Genedrive (GDR) stock up as it seeks UK Covid test approval
12:34, 22 December 2021
Genedrive saw its stock rise 25.45% on Thursday morning on the London Stock Exchange after the UK company announced that it had filed for approval of its Covid-19 test device.
It highlighted that the Genedrive COV19-ID kit is a rapid molecular diagnostic test that delivers positive results in as little as 7 minutes 30 seconds – and negative results in 17 minutes.
“It utilises reverse-transcription loop mediated isothermal amplification (RT-LAMP) and a proprietary buffer formulation to achieve rapid results without requirement for user viral extraction steps,” the company said in a statement on Wednesday.

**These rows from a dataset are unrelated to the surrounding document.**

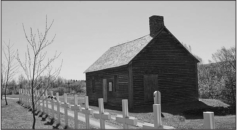
Figure 7: Maison Cyr, Saint-Basile.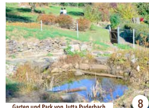
Garten und Park von Jutta Puderbach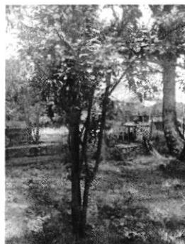
Fotografía 4. Chabacano número 1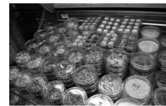
★ Het tapas-assortiment van Haasnoot/Polaris.

In de stand van Haasnoot kunnen de bezoekers vers gesneden haring proeven. Ook vindt er een test plaats met een nieuw product: haringpaté in verschillende smaken, waaronder bosbes-mierikswortel, curry-mango-chili en mediterraan. De reacties van de bezoekers die proeven zijn positief. Dochter-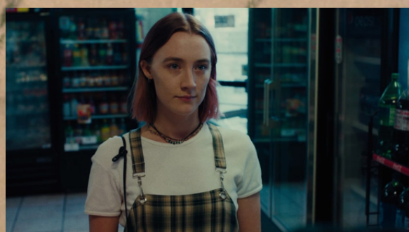
"Lady Bird" (2017) Greta Gerwig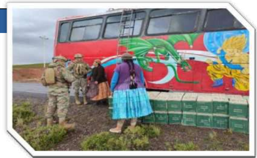
Efectivos del CEOLCC en interdicción al contrabando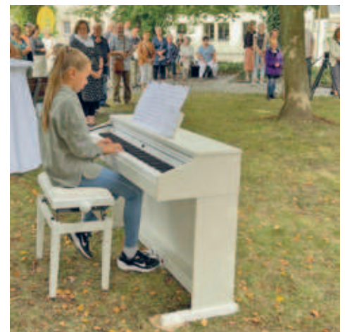
Einweihung der Skulptur am Purple Path - „Endless Column“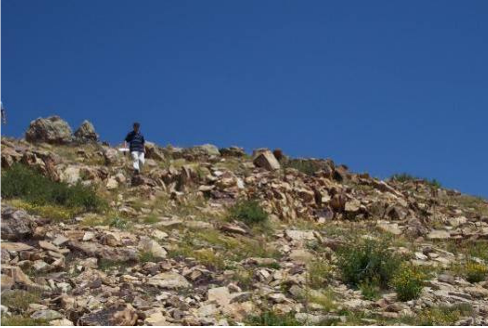
Figür-17 Aydıntepe Kalesi Mimari Kalıntı İzleri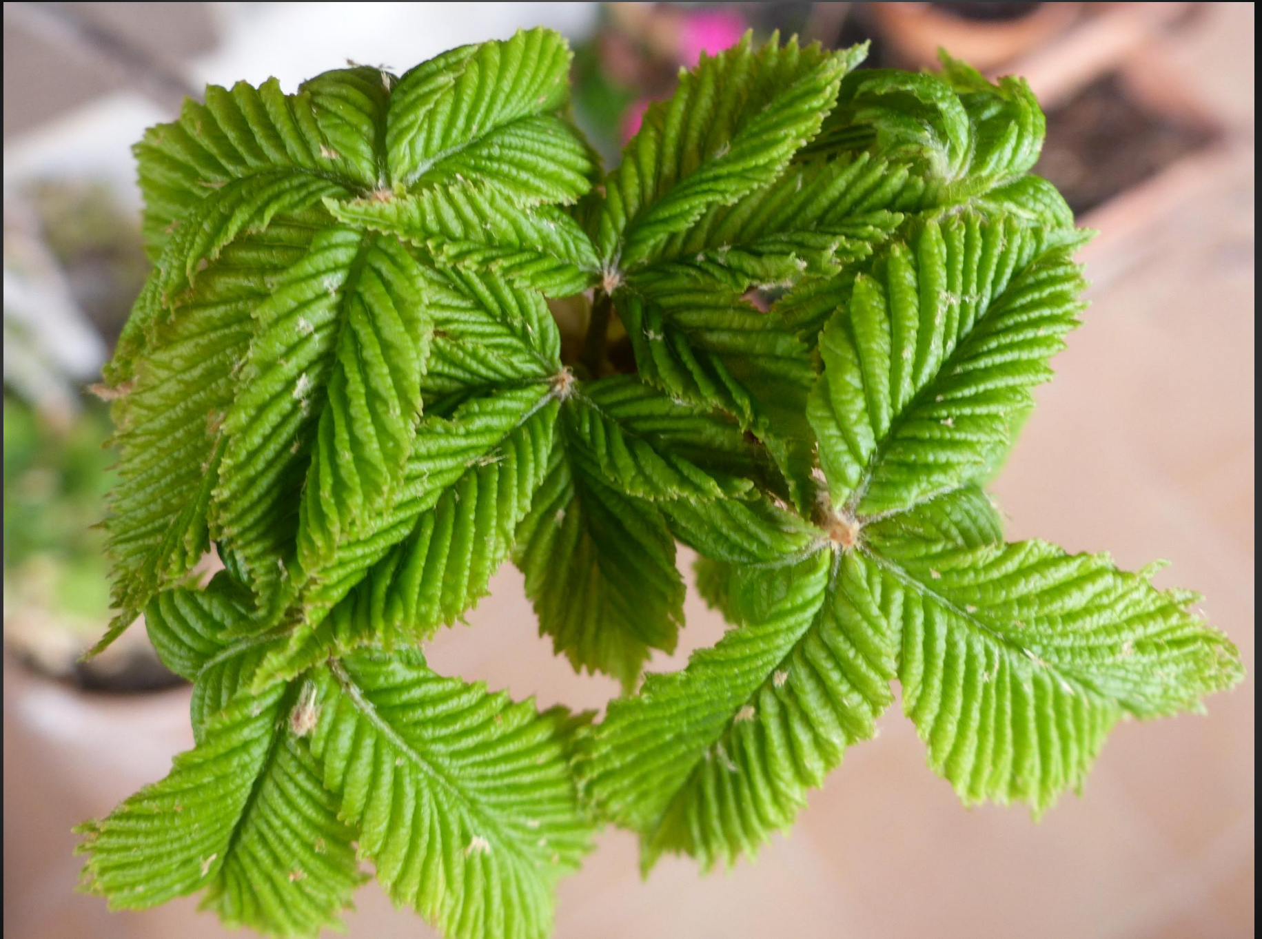
MARRONNIER ( Aesculus hippocastanum )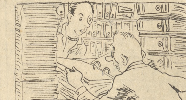
— Kiedy się dowiem czegoś bliższego o moim pomysle racjonalizatorskim? — No... wkrótce! Przyjdź pan za rok... dwa...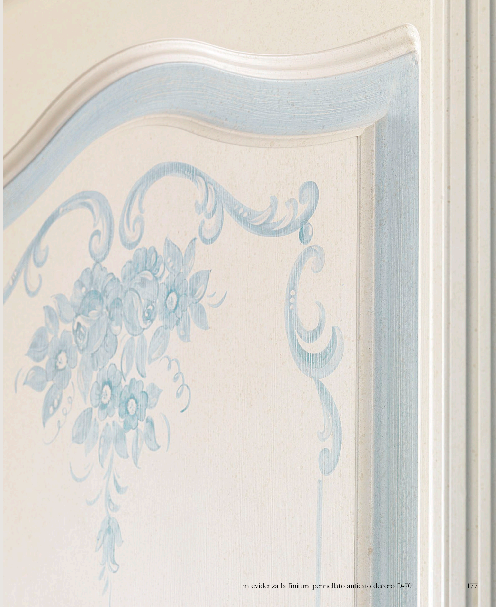
in evidenza la finitura pennellato anticato decoro D-70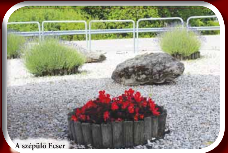
A szépülő Ecsér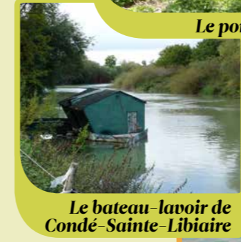
Le bateau-lavoir de Condé-Sainte-Libiaire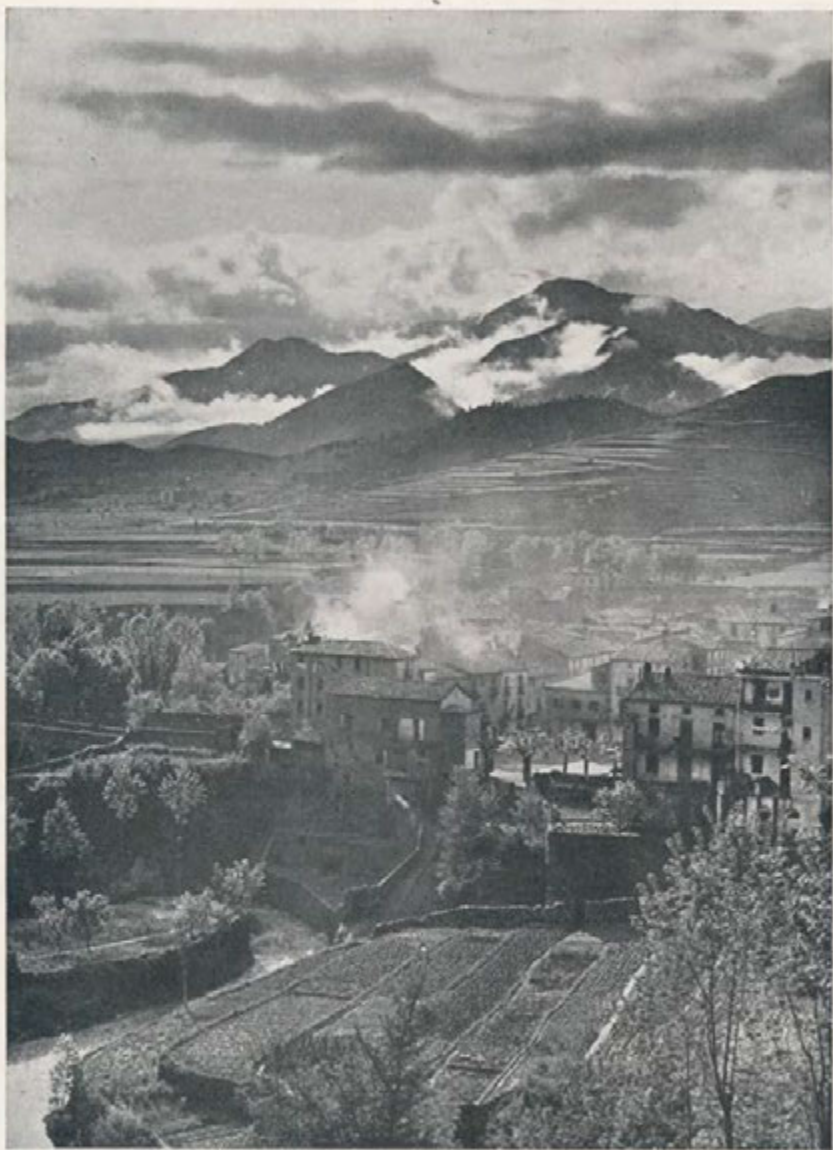
«Llum de pluja sobre la vila»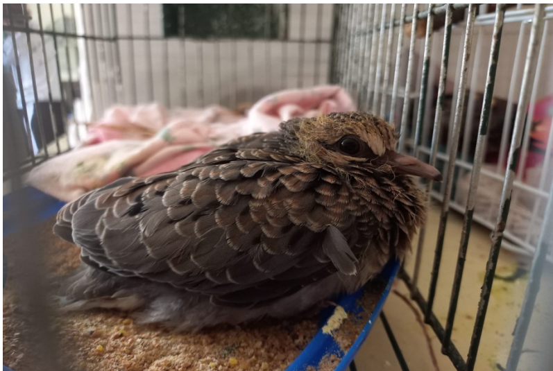
(39296) – Rolinha-roxa filhote, com lesão em membro pélvico, encontrada por munícipes de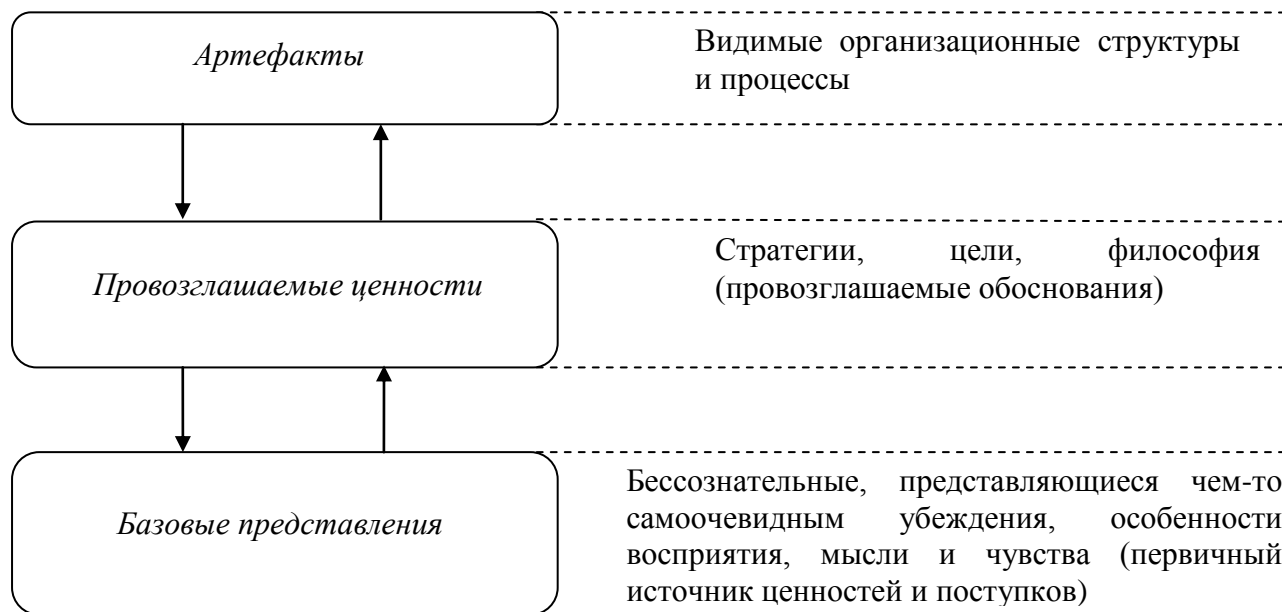
Рис. 1. Уровни культуры по Э.Шейну.

Понятие «ментальность» имеет достаточно широкое толкование: социальное мышление (К.А. Абульханова-Славская), «объективированная человеческая активность в единстве с порождённым ею» (В.А. Шкуратов), групповое сознание в пространстве и времени (Г.В. Акопов, Т.В. Иванова, Т.К. Рулина), критериальная основа личностного и общественного сознания (Б.С.Гершунский), система норм поведения (И.Г. Дубов), национальный характер (Н.О. Лосский), социальные представления (С. Московичи), интегративное личностное образование, носящее групповой характер и отражающее специфику отношений к миру (Д.В. Оборина), мотивы, предпочтения (В.А. Сонин), способ восприятия действительности (Е.В. Гончарова) и др.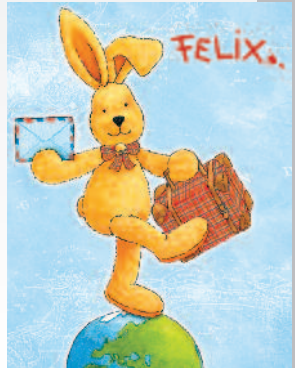
Felix der Hase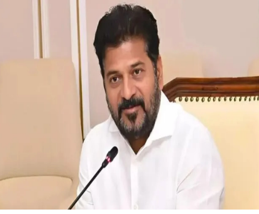
రింగ్ రోడ్లు నిర్మించి, వాటిని జాతీయ రహదారులతో

హైదరాబాద్, మార్చి 11: తెలంగాణ రాష్ట్ర రూపురేఖలను మార్చే విధంగా, భవిష్యత్తు అవసరాలకు అనుగుణంగా రహదారులు, వైద్య రంగాల్లో భారీ మార్పులకు సీఎం రేవంత్ రెడ్డి తీవ్రంగా చుట్టారు. అధికారులతో నిర్వహించిన సమీక్షా సమావేశంలో 'రోడ్ సెక్టార్ పాలసీ-2047' లక్ష్యంగా కీలక ఆదేశాలు జారీ చేశారు. రాష్ట్రంలో రహదారుల వ్యవస్థను అంతర్జాతీయ ప్రమాణాలకు అనుగుణంగా తీర్చిదిద్దాలని సీఎం రేవంత్ రెడ్డి స్పష్టం చేశారు. హైదరాబాద్ నగరం నుంచి రాష్ట్రంలోని ఏ ప్రాంతానికైనా నిర్ణీత సమయంలో చేరుకునేలా రోడ్ల నెట్ వర్క్ ను అభివృద్ధి చేయాలని అన్నారు. నగరంలో పెరుగుతున్న వాహనాల సంఖ్యతో వీపీసీలను ప్రాథమిక జాతి ఏర్పడటంతో, ప్రాథమిక కష్టాల నుంచి విముక్తి చేయడానికి కనెక్టివిటీ రోడ్ల నిర్మాణానికి ప్రాధాన్యత ఇవ్వాలని ఆదేశించారు. ఇప్పటికే గుర్తించిన ప్రాంతాలలో పనులను తక్షణమే ప్రారంభించాలని అధికారులకు సూచించారు. రాష్ట్రంలోని ప్రధాన జిల్లా కేంద్రాలన్నింటికీ ఒక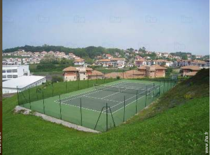
tennis dans la résidence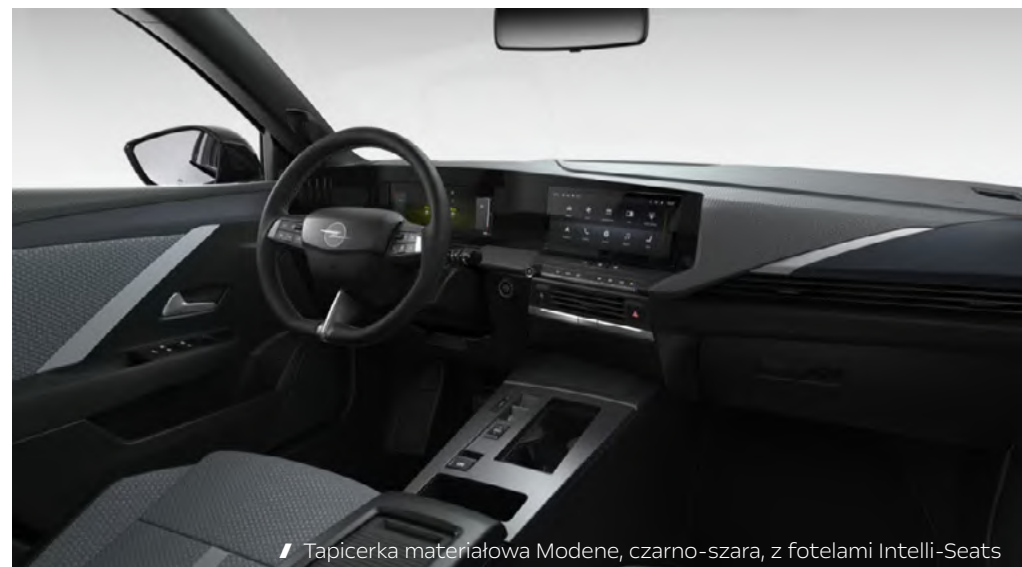
// Tapicerka materiałowa Modene, czarno-szara, z fotelami Intelli-Seats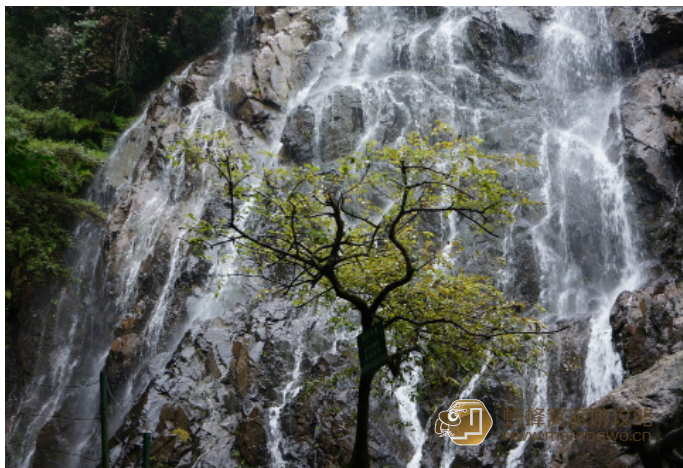
梧桐雨 玉龙谷瀑布

Hyluck 玉龙谷景点离三姑较远，但路边的景致在雨中显得额外清新翠绿，清澈奔流的小溪，隔一段距离就可以看到一个瀑布，哗哗的水声一路都陪伴着我们。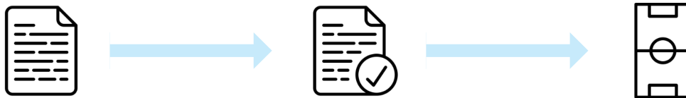
Weg zum Sport

Eine Missachtung der Rahmenbedingungen und der selbst aufgestellten Hygienerichtlinien führt zur unmittelbaren Einstellung des Sportangebots.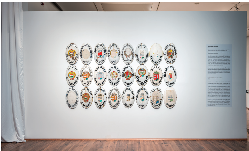
[3. kép] Szolnoki József: Címerváltás , 2007–2023, installáció, változó méret, Re:Re, Művészi újrajátzás, az újrajátzás művészete , MODEM, Debrecen.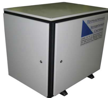
С компрессором Вокс HGX34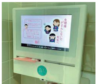
生理用ナプキンの配布装置

トイレ利用者については鉄道駅の利用者を中心とし、まずは駅構内に設置すべきと考えている。JR西日本に対して設置要望を行っており、オストメイトトイレについては近隣の公共施設に必要かどうか、周知の看板等の設置を含めて検討してまいりたい。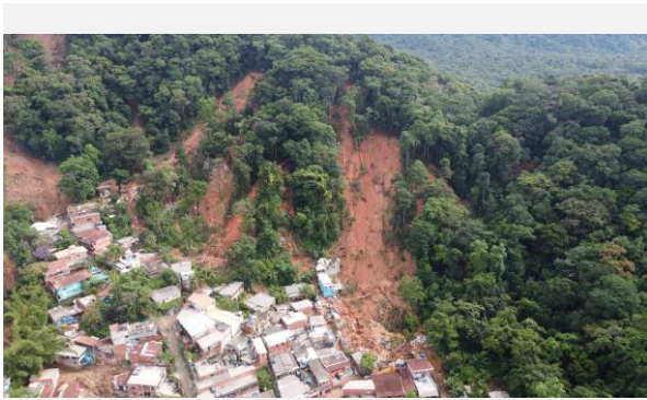
São Sebastião – SP, 2023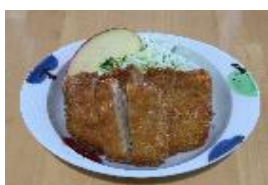
りんごカツ apple cutlet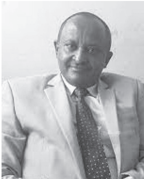
ሐቶ ደበበ ዘውዴ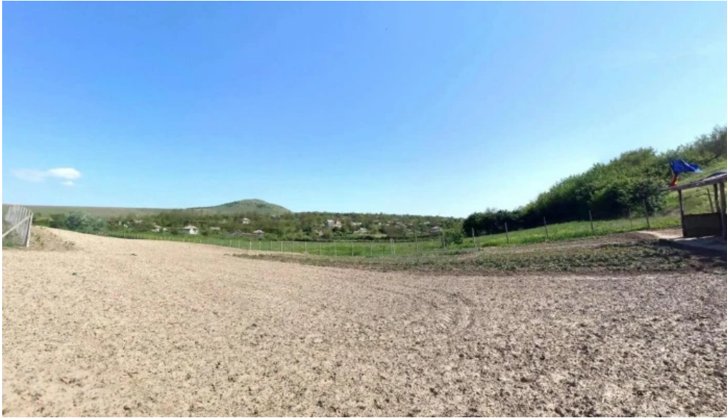
Bestepe street view si 360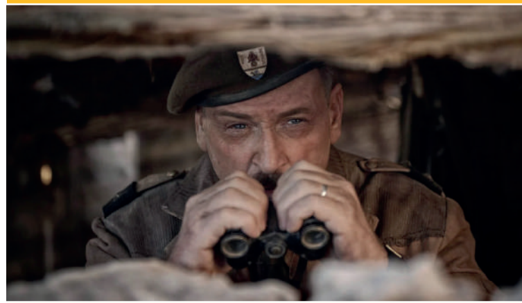
La Bataille de Gaule l'âge de fer

Place de l'Hôtel de Ville 36400 La Châtre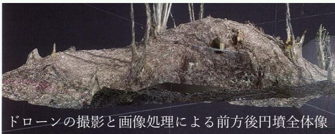
ドローンの撮影と画像処理による前方後円墳全体像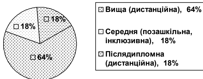
Рис. 1. Розподіл незавершених дисертаційних робіт за рівнем організації педагогічного процесу.

На рис.2 представлено процентне співвідношення охоплення дисертаційними роботами здобувачів наукових ступенів, які захистили дисертації в 2011-2012 рр. у спеціалізованій вченій раді Інституту. Розподіл здійснено за рівнем організації педагогічного процесу.

“Performed directly from a mid-turbinate nasal swab, the assay targets the ORF1ab and N genes of the SARS-CoV-2 genome, adding robustness against emerging SARS-CoV-2 variants.”
Certification hopes revealed last month
The molecular diagnostics company first announced on 29 November this year that it had submitted an application for CE-IVD certification for its Genedrive COV19-ID Kit – and said the expanded product validation requirements have now been completed.
As a result, the company has filed for approval to sell the product in the UK under the new Coronavirus Test Device Approvals (CTDA) regulations.
“The expanded clinical validation sample cohort required for CTDA approval was referenced against the Thermo Fisher TaqPath Covid-19 RT-PCR test. In the 264 samples, specificity was 98%, and sensitivity was 98% in samples with viral load 500 copies per millilitre,” it said in a statement.
“This cohort included samples of confirmed Omicron variant, all of which were successfully detected. The sensitivity and specificity of the Genedrive COV19-ID assay on the entire cohort met the current requirements of the UK’s MHRA target product profile for SARS-CoV-2 point-of-care molecular diagnostic tests,” it added.
Company comments on the approval filing
David Budd, CEO of Manchester-based Genedrive (GDR), commented: “CTDA performance data builds on the data already generated for CE certification, and demonstrates that the product meets the expanded UK requirements for point-of-pare COVID-19 molecular tests.
“The next milestone is approval by the Department of Health and Social Care, however, no assured timeline is provided on how long the review under CTDA regulations will take, given a current backlog in its reviews.
“We have confidence in our data and the application is another positive step that allows us now to progress UK focused commercial discussions.”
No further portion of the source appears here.